| Work order |
Everything from the line that contains "Visiting the church in Jorge" to the final line of the data, both ends included, must be set down exactly, apart from the pictures.

____________________

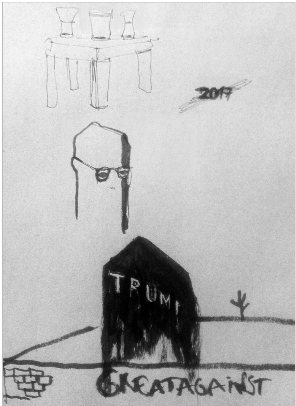
Fig. 4 Maxim Bauer: zeichnerische Dokumentation (drawn documentation), 2017. Pencil on paper. © Maxim Bauer

On a more general level, this brings up the question of responsibility and ethics. A word that keeps crossing my mind when thinking about the films, is “faith.” This is not a very scholarly term, and I have not yet come to a conclusion what my mind wants to tell me with this association. In fact, it makes me feel more comfortable to rephrase it slightly and speak of “trust.” It seems to me that John Smith’s films rely on a contract that implies a basic assumption: We do take the images of The Black Tower as actual images of actual locations in London at an actual point in time in the 1980s. If we had reasons to question the image on this level and to think of it as fabricated, non-representational, “fictional,” the film would be quite pointless.
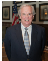
First Ward Aldermen
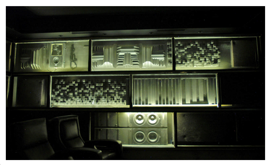
Back lighting reveals serious acoustic treatments behind the acoustically transparent fabric on the side walls of the large home theater.

The evening was a lot of fun. There were several new faces at the meeting and some of those joined the club that evening. I was able to talk to many members and not stray far from the grazing table. This certainly was a meeting to remember.
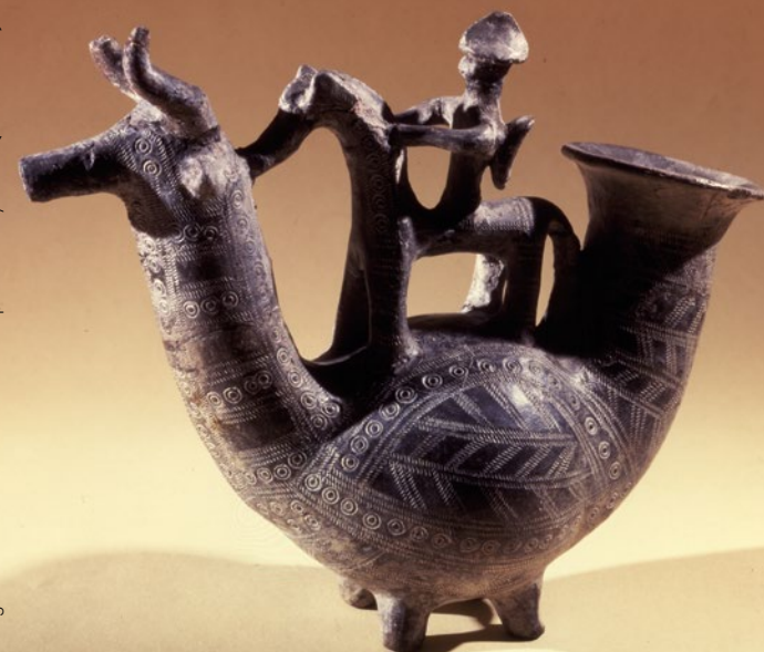
Archaeological Museum. Vase with a rider on top of a fantasy animal (720-680 B.C.)

Here you find significant evidence of the town and necropolis of Monte Bibele. Both are extremely important for the study of the Celts in Italy and the relationship between them and the local Etruscans. The great invasions of Celts from the other side of the Alps began in the early 4th century B.C. and many settled in the area of Bologna. In the small highland settlement of Monte Bibele the Etruscans mingled with these new arrivals. Wonderful burial objects of Celtic
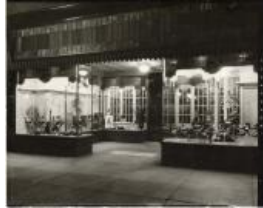
Exterior of Benge's Shoestore (2021.24.8)
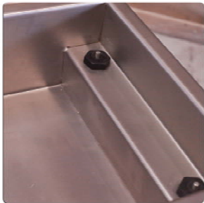
Removable Seal Bar

Independently risk assessed to ensure compliance with Australian Standards
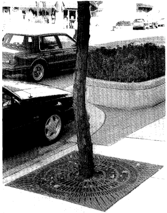
Figure 2. Grade level and raised planters in Downers Grove.

and two sites were within a wide, road-level median. Traffic counts at each site show essentially equal traffic levels (2). The narrow median is 3 m (10 ft) wide and raised 0.8 m (2.5 ft) above the roadway (Figure 1). The wide median is about 30 m (100 ft) across and level with the roadway. One surface soil sample (0-15 cm deep, 0-6 in) was gathered on 28 December 1992 and on 30 March 1993 in the center of each median site.
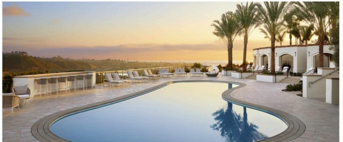
BOTTOM RIGHT: Take in the picturesque sunset from Cape Rey's adult pool.
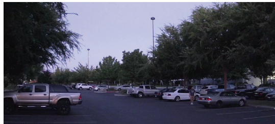
Sarix with SureVision (on the bottom) handles this low-light scene automatically.
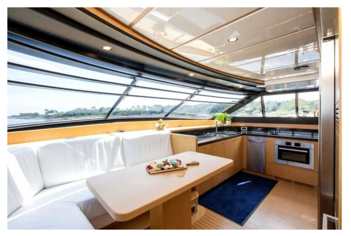
The stern divan and table extend outside the warm and cosy atmosphere of the Boat. The original galley faces the bow through the front windscreen, and the separate pilot house stand on the galley.
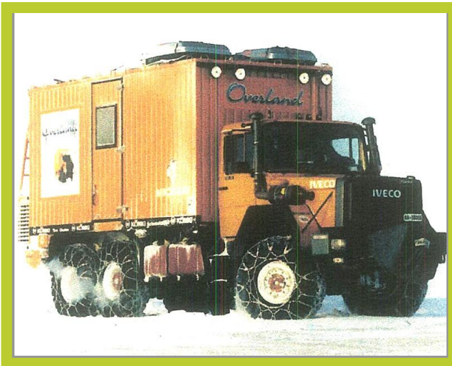
IVECO Eurocargo 120 E24

Overland for Smile is a totally non-profit traveling humanitarian project aimed at providing concrete help for the dental health of children living in orphanages in eastern Europe. Participating Dentists Doctors, Dentists, dental hygienists and assistants to the chair. The challenge is to overcome the fear and distrust of children accommodated in them and win their confidence because they allow to be treated.
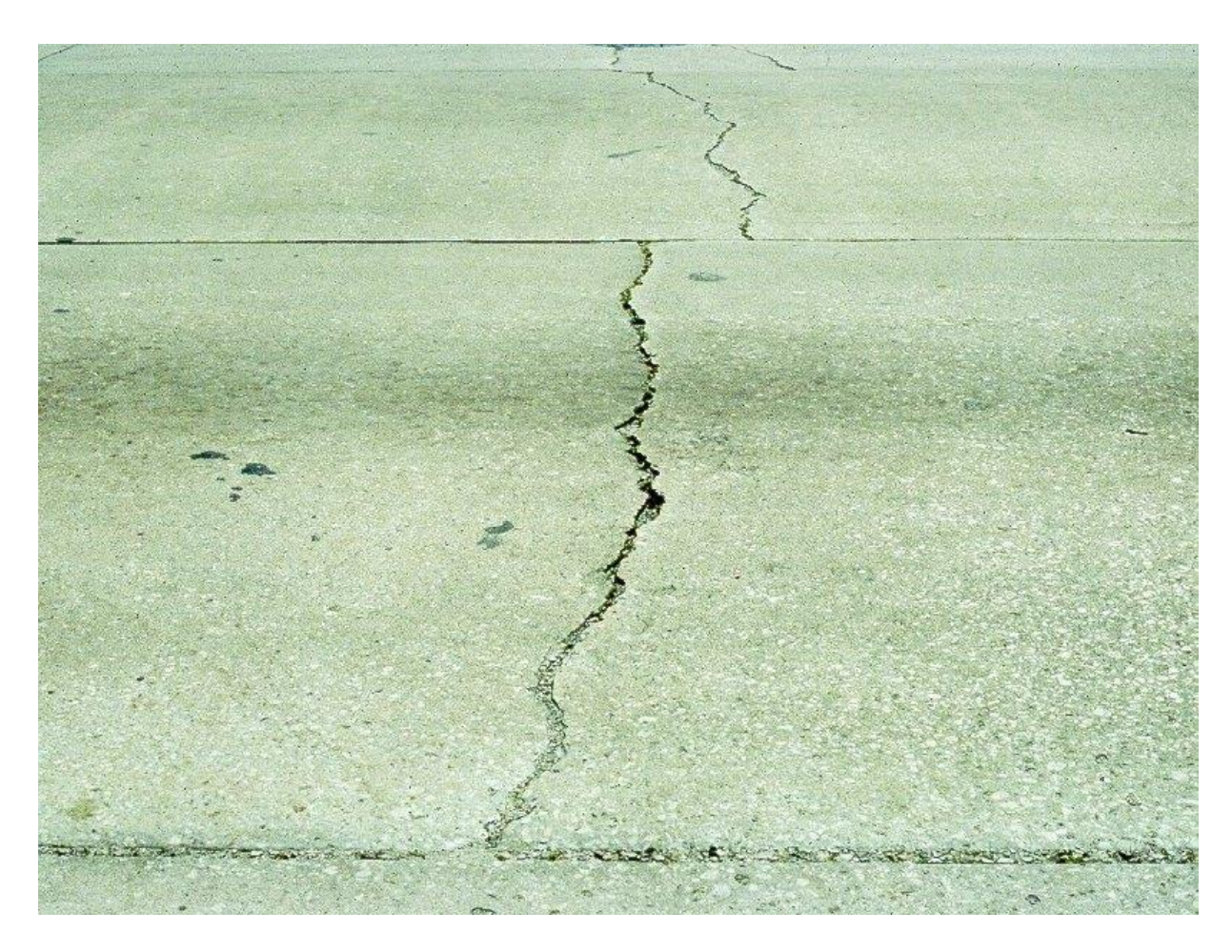
FIGURE 5. TRANSVERSE CRACKING
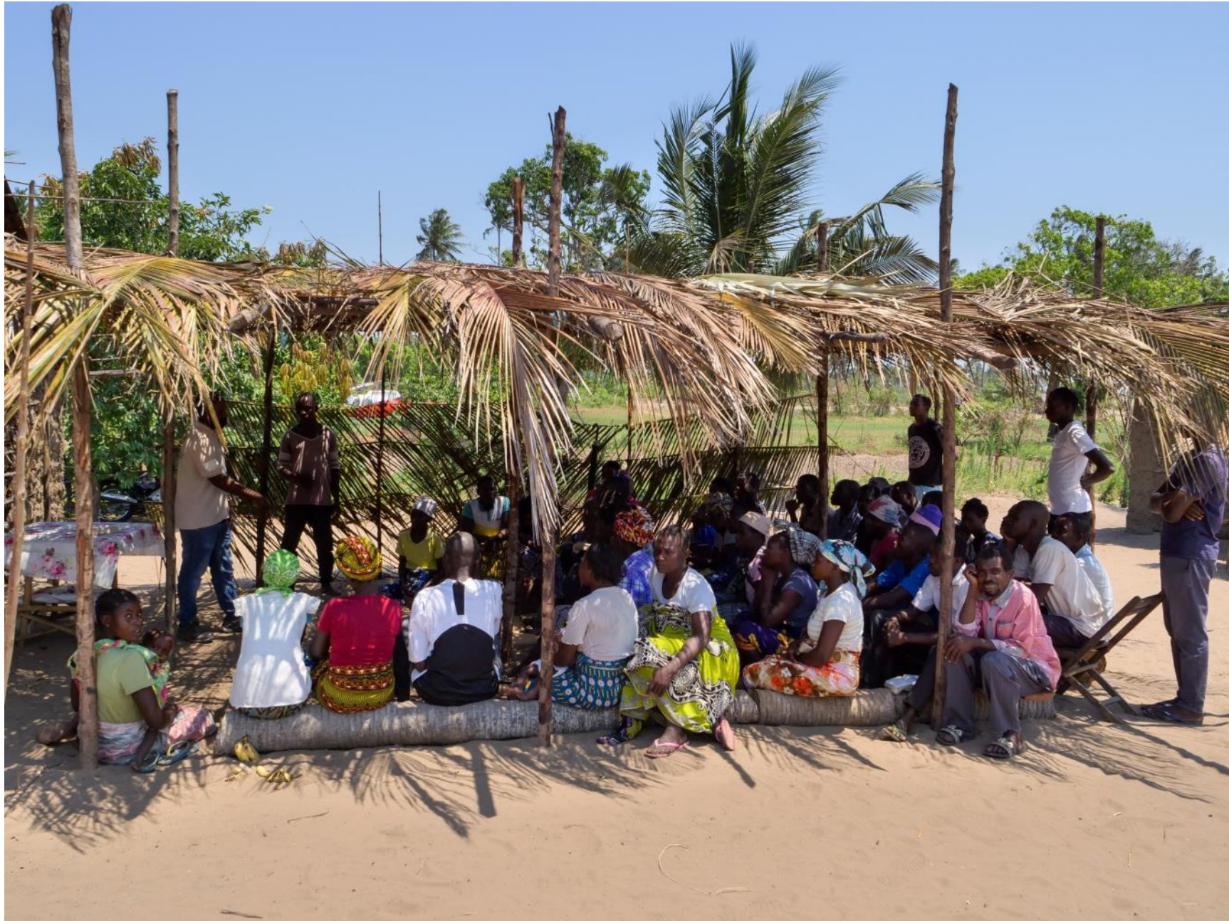
Visiting the church in Jorge
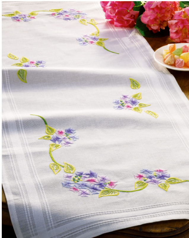
9886351-01762 Hydrangea Runner 40x100cm 100% cotton fabric with edging
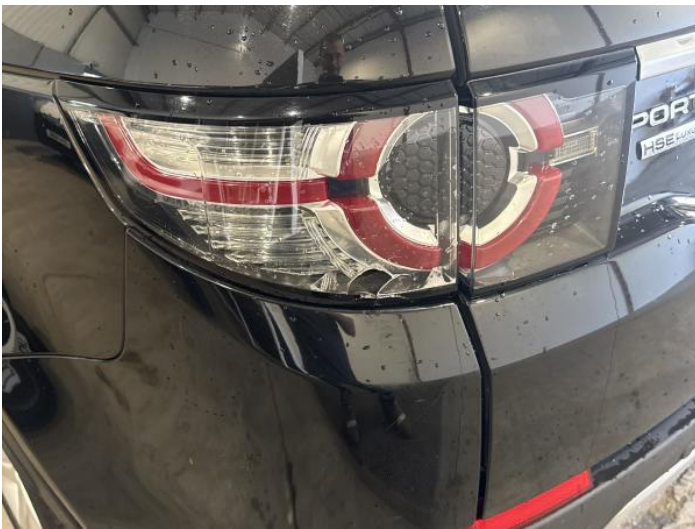
11: Lamp nsr Broken Replace
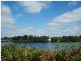
S38 Scenic Route

The plan has identified specific Scenic Routes consisting of important and valued views and prospects within the County. The established scenic routes include a variety of images, which relate to impressive or beautiful natural scenery. Scenic routes act as indicators of high value landscapes and identify more visually sensitive locations where higher standards of design, siting and landscaping are required.
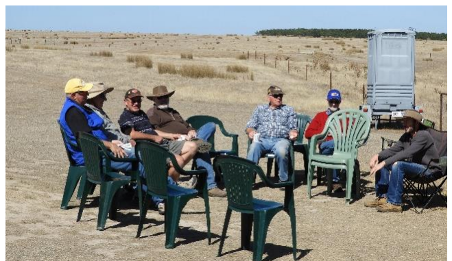
A chance to "shoot the breeze" at lunch time.
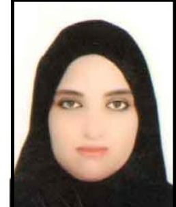
Ph.D. Economics Year: 2015 Nationality: LIBYAN
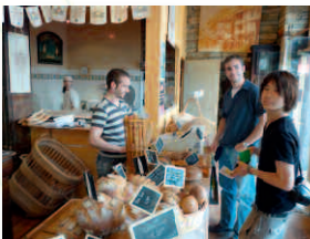
In a typical French bakery

____________________

| Finished exercise |
Visiting the church in Jorge
9886351-01762 Hydrangea Runner 40x100cm 100% cotton fabric with edging
11: Lamp nsr Broken Replace
S38 Scenic Route

The plan has identified specific Scenic Routes consisting of important and valued views and prospects within the County. The established scenic routes include a variety of images, which relate to impressive or beautiful natural scenery. Scenic routes act as indicators of high value landscapes and identify more visually sensitive locations where higher standards of design, siting and landscaping are required.
A chance to "shoot the breeze" at lunch time.
Ph.D. Economics Year: 2015 Nationality: LIBYAN
In a typical French bakery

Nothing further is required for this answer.